The Butoniga reservoir and related drinking water treatment facility (DWTF) are part of the Istrian Water Supply System, which supplies most of the Istrian peninsula with potable water; thus, efficient management of the Butoniga reservoir and the DWTF is of great importance in handling rapid variations in water quality. The primary issue with managing a small reservoir, such as Butoniga, is balancing its roles in flood defense and water supply. For effective flood defense, the reservoir must be kept “as empty as possible” to allow sufficient space for water retention during storm events. Conversely, for its water supply function, the reservoir should be “as full as possible” to ensure adequate water availability during the dry period from July to October. Therefore, it is crucial to fill the reservoir during the autumn months when rainfall is frequent [19]. Regarding the microbiological water quality of the Butoniga reservoir, a previous study indicated that turbidity may serve as a potential indicator of E. coli bacteria [10].

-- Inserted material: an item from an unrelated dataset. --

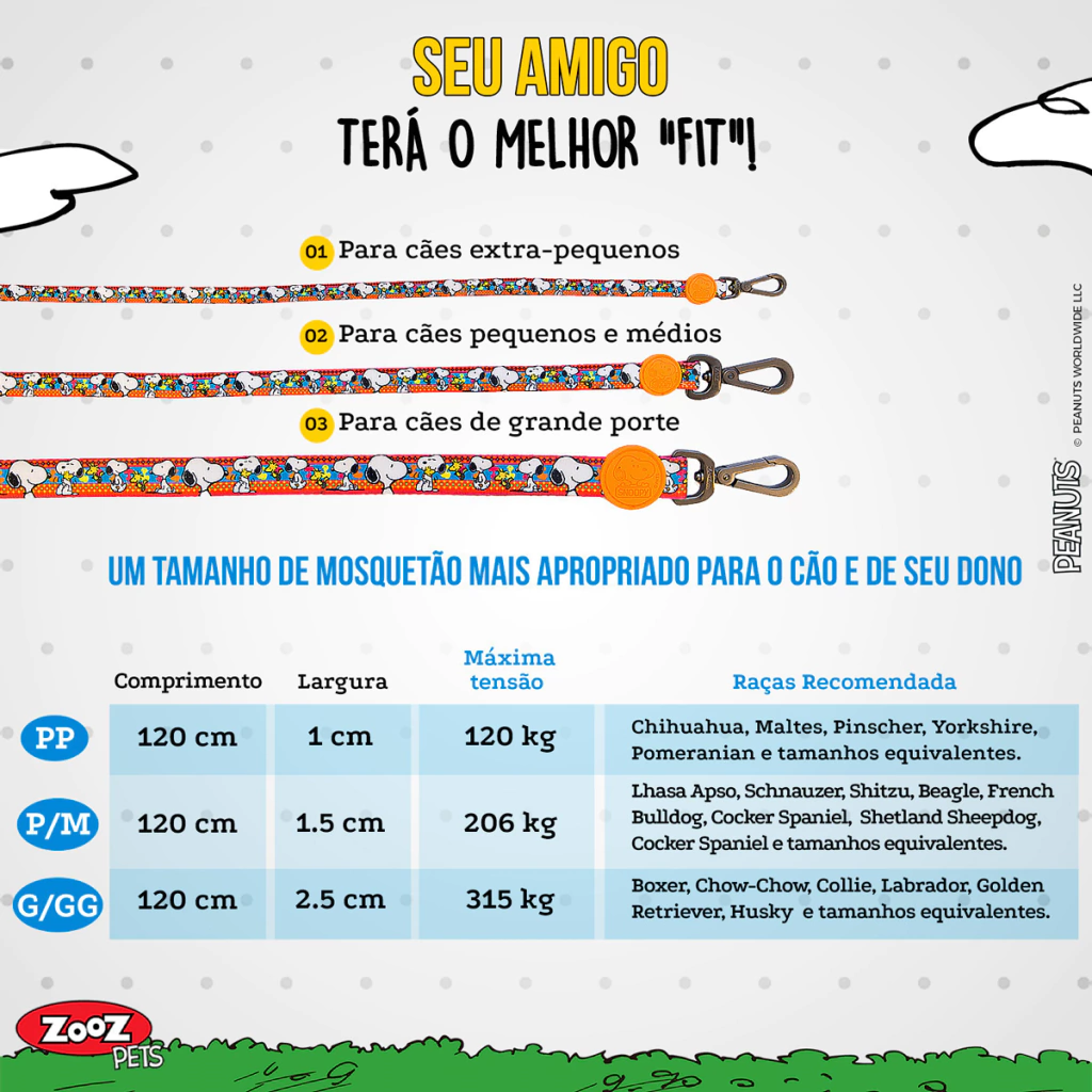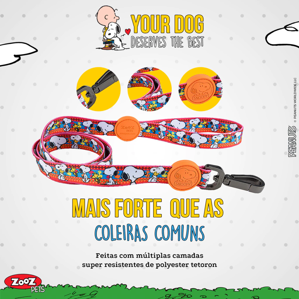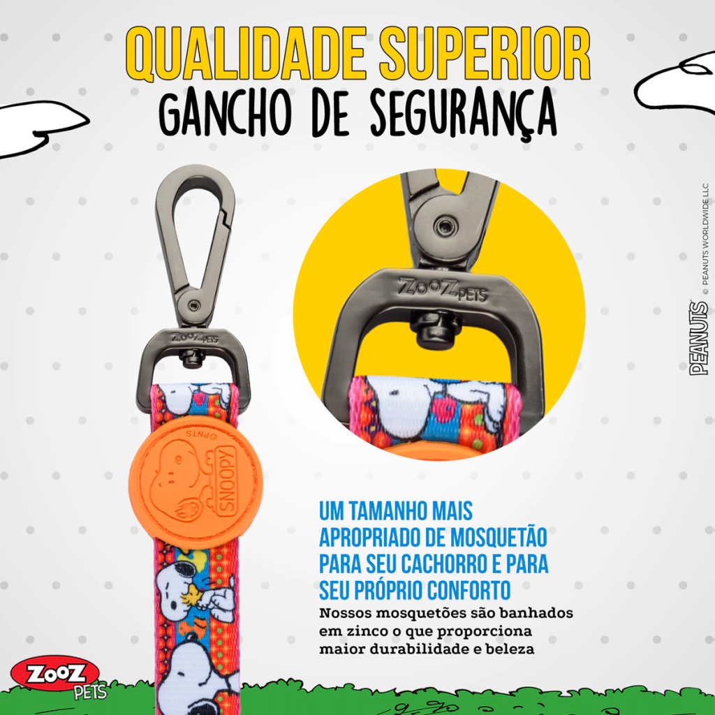 Feito com a última tecnologia de impressão, as Guias, e todos os acessórios Zooz Pets tem um design marcante, divertido e com super nitídez do personagem Snoopy.

This study aims to develop models for describing, explaining, and predicting microbiological water quality parameters, specifically total coliforms and E. coli bacteria, with the goal of enhancing the management, optimization, and long-term sustainability of the Butoniga DWTF. Descriptive models are designed to identify, explain, and interpret the environmental conditions that promote or inhibit the occurrence of E. coli and total coliforms, whereas predictive models focus on forecasting the values of these microbiological parameters. ML methods such as DTs, Model Trees (MTs), RF, Multi-Layer Perceptron (M-LP), Bagging, and XGBoost were used to develop and comparatively evaluate descriptive and predictive models. Due to their simplicity, interpretability, and transparency—attributes that are especially important in microbiological water quality management and data-driven decision-making—DTs and MTs were selected for further application and integration into the future development of a decision support system (DSS). The trade-off between predictive accuracy and model interpretability makes both DTs and MTs particularly suitable for operational implementation at the Butoniga DWTF.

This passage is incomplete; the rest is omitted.